A big key to both the fiction and nonfiction were meetings we had with the wide range of real people who would fight in such a war, from US Navy destroyer captains and fighter pilots to Chinese generals and Anonymous hackers.

Our hope was to build a new kind of "novel," in the spirit of early Tom Clancy, where you can read it at the beach, but with the research to show how real it all is, including revealing everything from new Chinese drone prototypes to how certain US weapons have already been hacked, so that it can take a place in real-world debates. In fact, early copies of the book made their way into the hands of several senior military leaders—a few who read it at the beach!—and it's already having policy influence, shaping debates/plans inside the Pentagon on everything from strategy to robots and 3D printing.

Check out the VICE News documentary on the uncertain future of amphibious warfare.

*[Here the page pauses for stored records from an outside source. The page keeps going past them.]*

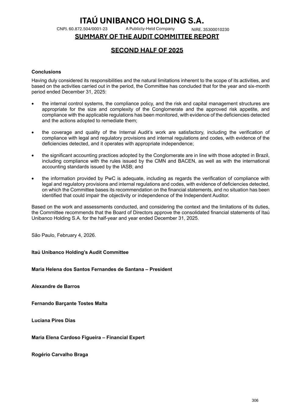 ITAÚ UNIBANCO HOLDING S.A. NIRE. 35300010230 A Publicly-Held Company CNPJ. 60.872.504/0001-23 SUMMARY OF THE AUDIT COMMITTEE REPORT SECOND HALF OF 2025 Conclusions Having duly considered its responsibilities and the natural limitations inherent to the scope of its activities, and based on the activities carried out in the period, the Committee has concluded that for the year and six-month period ended December 31, 2025: • the internal control systems, the compliance policy, and the risk and capital management structures are appropriate for the size and complexity of the Conglomerate and the approved risk appetite, and compliance with the applicable regulations has been monitored, with evidence of the deficiencies detected and the actions adopted to remediate them; • the coverage and quality of the Internal Audit’s work are satisfactory, including the verification of compliance with legal and regulatory provisions and internal regulations and codes, with evidence of the deficiencies detected, and it operates with appropriate independence; • the significant accounting practices adopted by the Conglomerate are in line with those adopted in Brazil, including compliance with the rules issued by the CMN and BACEN, as well as with the international accounting standards issued by the IASB; and • the information provided by PwC is adequate, including as regards the verification of compliance with legal and regulatory provisions and internal regulations and codes, with evidence of deficiencies detected, on which the Committee bases its recommendation on the financial statements, and no situation has been identified that could impair the objectivity or independence of the Independent Auditor. Based on the work and assessments conducted, and considering the context and the limitations of its duties, the Committee recommends that the Board of Directors approve the consolidated financial statements of Itaú Unibanco Holding S.A. for the half-year and year ended December 31, 2025. São Paulo, February 4, 2026. Itaú Unibanco Holding’s Audit Committee Maria Helena dos Santos Fernandes de Santana – President Alexandre de Barros Fernando Barçante Tostes Malta Luciana Pires Dias Maria Elena Cardoso Figueira – Financial Expert Rogério Carvalho Braga 306
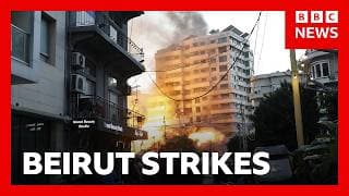 6:44Israel pounds Beirut suburbs after Hezbollah launches rocket barrage | BBC News
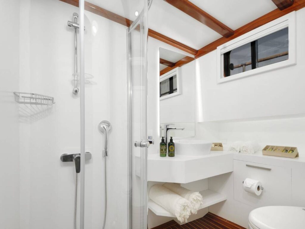 The captain and 2 crew members are present without being intrusive and you will lack nothing. The 4 cabins are fully equipped, such as air conditioning and separate shower and toilet and everywhere on board there is enough space to relax and enjoy all the beautiful things you see.
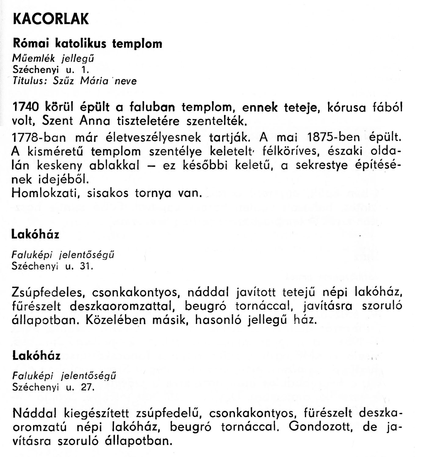 Nyilvános 2882 | 8128 | Rövid leírás | Teljes leírás (1.62 KB) | Kacorlak - Zala megye műemlékei 1977 061-062old A részlet szövege: KACORLAK Római katolikus templom Műemlék jellegű Széchenyi u. 1. Titulus: Szűz Mária neve 1740 körül épült a faluban templom, ennek teteje, kórusa fából volt, Szent Anna tiszteletére szentelték. 1778-ban már életveszélyesnek tartják. A mai 1875-ben épült. A kisméretű templom szentélye keletelt, félköríves, északi oldalán keskeny ablakkal - ez későbbi keletű, a sekrestye építésének idejéből. Homlokzati, sisakos tornya van. Lakóház Faluképi jelentőségű Széchenyi u. 31. Zsúpfedeles, csonkakontyos, náddal javított tetejű népi lakóház, fűrészelt deszkaoromzattal, beugró tornáccal, javításra szoruló állapotban. Közelében másik, hasonló jellegű ház. Lakóház Faluképi jelentőségű Széchenyi u. 27. Náddal kiegészített zsúpfedelű, csonkakontyos, fűrészelt deszka-oromzatú népi lakóház, beugró tornáccal. Gondozott, de javításra szoruló állapotban. A részlet a következő könyvből származik: Cím: Zala megye műemlékei Szerző: Németh József (1928) Közreműködő: Lantos Miklós (fotó) Szerz. közl.: Németh József ; [fotók... Lantos Miklós] Kiadás: Zalaegerszeg : Zalai Ny., 1977 ETO jelzet: 72(439.121) ; 7.025.3/.4 ; 908.439.121 Tárgyszó: Zala megye Szakjelzet: 908 Cutter: N 53 Nyelv: magyar Oldalszám: 109 p. |

Some experts say that while the United States has spent trillions of taxpayer dollars in recent decades acting as the world's police force, intervening in (and starting) numerous expensive and deadly conflicts, China has quietly been building economic and political ties to dozens of developing nations in Africa, Latin America, and elsewhere. Is China making itself stronger while the United States is overextending itself like other empires before it? And if so, what are the consequences?
If you are looking at this from the geopolitical side, who has been the "big winner" of the last decades? Well, it's certainly not the US. We've expended a lot of blood and treasure but lost global standing. And while it's hard to predict where exactly Iraq War 3.0 will end, it's not likely to be another big security gain. I think there are a lot of the parallels to Great Britain and how it got into the Boer Wars with enthusiasm, but this supposedly "small war" becomes incredibly draining and Britain ends up just trying to figure out how to extricate itself without looking like it had lost. But all the while, it has this immense rival of imperial Germany. As Mark Twain put it, "History doesn't repeat itself, but it does rhyme."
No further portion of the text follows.